Recently I was having some trouble with the verification of a signed message in
PKCS#7 format. To troubleshoot why the library I was using kept rejecting the message I wanted to verify the signed message step by step, using OpenSSL. Below is a description of the steps to take to verify a PKCS#7 signed data message that is signed with a valid signature. Though I imagine these steps will apply to CMS messages for a big part too, I haven't looked into this.
Update 2013-04-12: this post was written to explain all the steps involved in the verification of a PKCS#7 message.

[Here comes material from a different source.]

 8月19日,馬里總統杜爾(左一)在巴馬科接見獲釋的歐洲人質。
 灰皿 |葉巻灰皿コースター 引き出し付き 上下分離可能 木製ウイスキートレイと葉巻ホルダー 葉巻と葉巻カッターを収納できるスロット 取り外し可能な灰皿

Which might come in handy when troubleshooting compatibility issues. If however you're just interested in performing PKCS#7 encryption, decryption, signing and/or verification please have a look at my new post:
PKCS#7 and OpenSSL. Which is also a good start when you are troubleshooting PKCS#7 communication.
Generate certificate
Generate a RSA test key and certificate, if you don't have one available.
openssl req -x509 -nodes -newkey rsa:1024 -keyout keyfile.key -out certificate.cer
Generating a 1024 bit RSA private key
.........++++++
.........................................++++++
writing new private key to 'keyfile.key'
-----
You are about to be asked to enter information that will be incorporated
into your certificate request.
What you are about to enter is what is called a Distinguished Name or a DN.

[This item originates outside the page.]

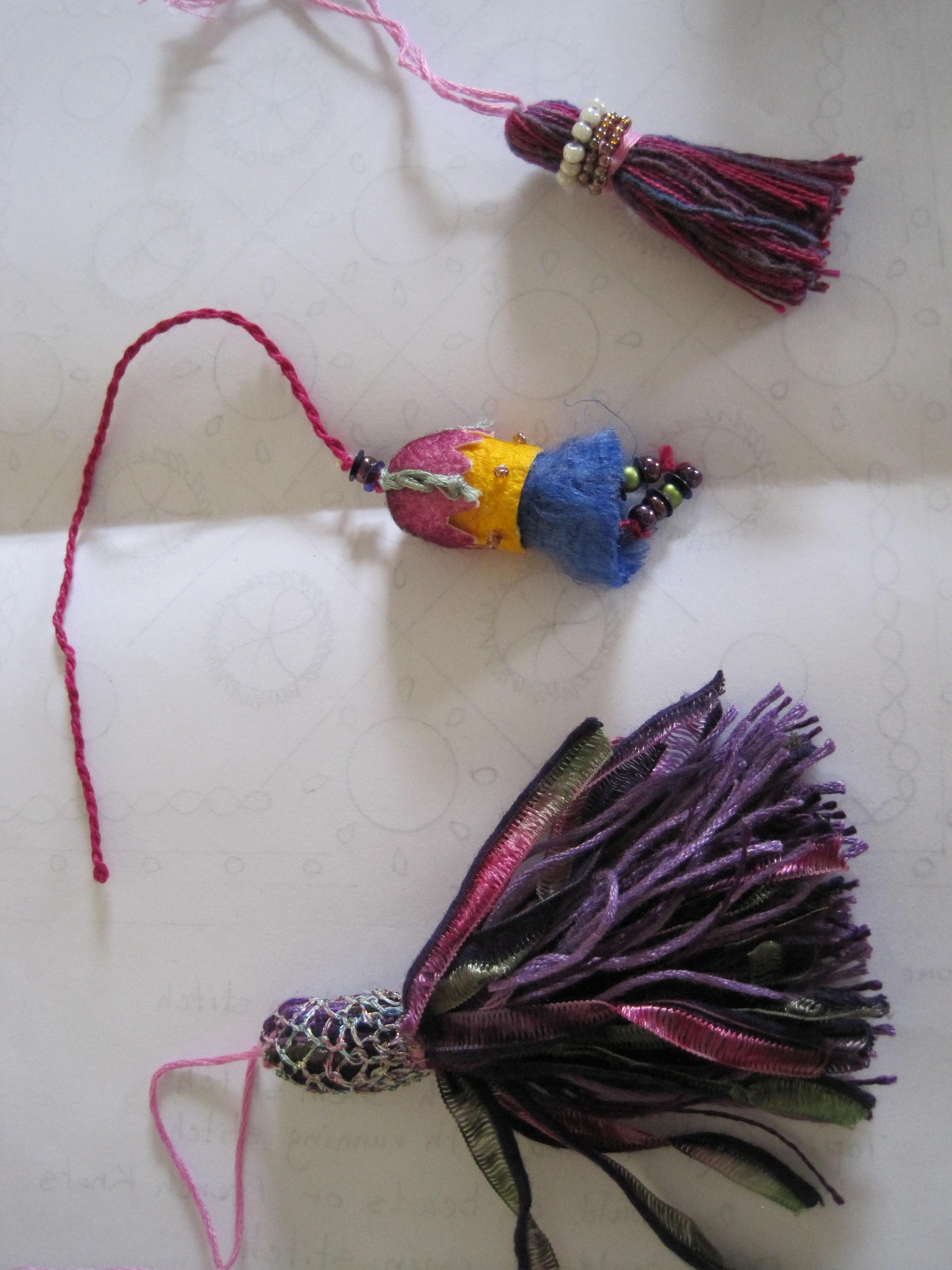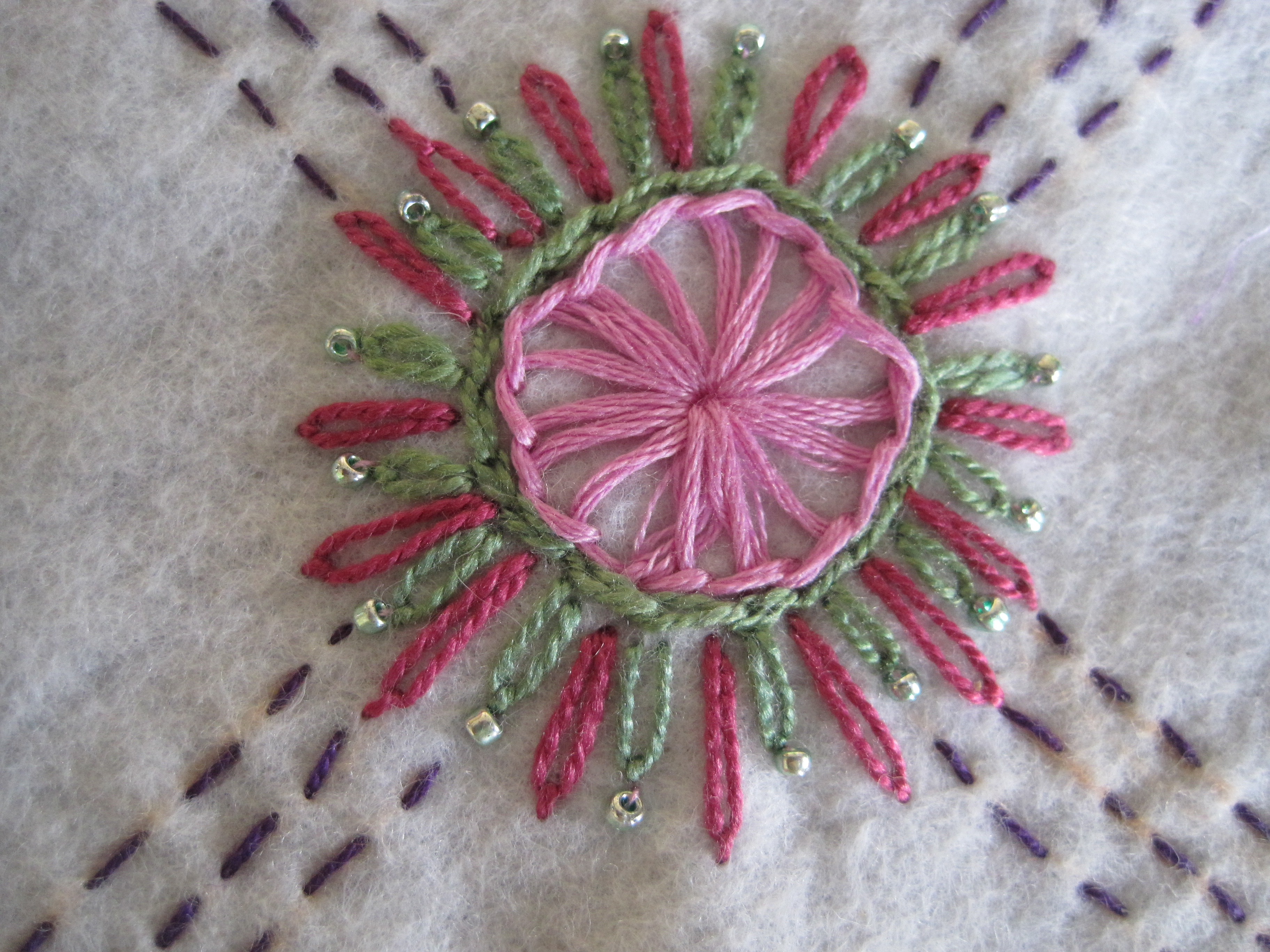 My workshop on Artful Embellishments involved adding embroidery, beading, buttons, mirrors and ribbons on a felt square that will be folded into a style of Indian Bride Dowery Bag, used by brides to carry their own personal treasures into the marriage. We also worked on making various types of tassels. After two days in class and a couple of hours working while volunteering this is how far I got:

There are quite a few fields but you can leave some blank
For some fields there will be a default value,
If you enter '.', the field will be left blank.
-----
Country Name (2 letter code) [AU]:
State or Province Name (full name) [Some-State]:
Locality Name (eg, city) []:
Organization Name (eg, company) [Internet Widgits Pty Ltd]:
Organizational Unit Name (eg, section) []:
Common Name (eg, YOUR name) []:
Email Address []:
OpenSSL req is used to generate a self signed test certificate with an available private key. Here's an explanation of the used parameters.

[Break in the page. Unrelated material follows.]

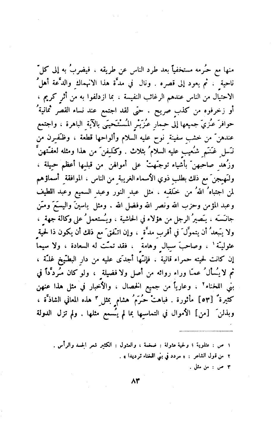 منها مع حرمه مستخفياً بعد طرد الناس عن طريقه، فيضرب به إلى كل ناحية. ثم يعود إلى قصره. ونال في مدة هذا الإنهماك والدعة أهل الاحتيال من الناس عندهم الرغائب النفيسة، بما ازدلفوا به من أثر كريم، أو زخرفوه من كذب صريح، حتى لقد اجتمع عند نساء القصر ثمانية حوافر عزي جميعها إلى حمار عزيز المستحيى بالآية الباهرة، واجتمع عندهن من خشب سفينة نوح عليه السلام وألواحها قطعة، وظفرن من نسل غنم شعيب عليه السلام بثلاث. وكلفن من هذا ومثله لعفتهن وزهد صاحبهن بأشياء توجهت على أموالهن من قبلها أعظم حيلة، ولهجن مع ذلك بطلب ذوي الأسماء الغريبة من الناس، الموافقة أسماؤهم لمن اجتباه الله من خلقه. مثل عبد النور وعبد السميع وعبد اللطيف وعبد المؤمن وحزب الله ونصر الله وفضل الله، ومثل ياسين واليسع ومن جانسه، يصير الرجل من هؤلاء في الحاشية، ويستعمل على وكالة جهة، ولا يبعد أن يتمول في أقرب مدة، وإن اتفق مع ذلك أن يكون ذا لحية عثولية، وصاحب سبال وهامة، فقد تمت له السعادة، ولا سيما إن كانت لحيته حمراء قانية، فإنها أجدى عليه من دار البطيخ غلة، ثم لا يسأل عما وراء روائه من أصل ولا فضيلة، ولو كان مردداً في بني اللخناء، وعارياً من جميع الخصال، والأخبار في مثل هذا عنهن كثيرة [53] مأثورة. فباهت حرم هشام بمثل هذه المعاني الشاذة، وبذلن [من] الأموال في التماسها بما لم يسمع مثلها، ولم تزل الدولة
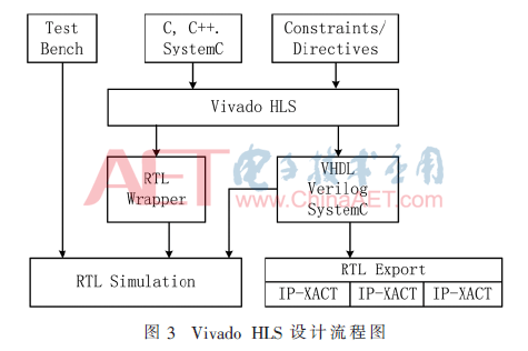 Vivado HLS是Xilinx推出的一款高层次综合工具,其使用C、C++或SystemC语言进行数字系统的描述,并将该系统自动转换成寄存器转换级(Regisiter Transfer Level,RTL)代码,即生成硬件IP核,以完成对串行程序的并行加速。其设计模式如图3所示。

-x509 | output a certificate instead of a request |
-nodes | don't encrypt the private key |
-newkey rsa:1024 | create a new RSA private key of 1024 bits |
-keyout keyfile.key | store the private key in keyfile.key |
-out certificate.cer | store the certificate in certificate.cer |
Create a file to be signed
echo "Some text" > data.txt
Sign the data with keyfile and certificate
The signed data in this example is created with the command below.
(-md is available since OpenSSL 1.0.0)
openssl smime -sign -md sha1 \
-binary -nocerts -noattr \
-in data.txt -out data.txt.signed -outform der \
-inkey keyfile.key \
-signer certificate.cer
OpenSSL smime is used to sign the data. Here's an explanation of the used parameters.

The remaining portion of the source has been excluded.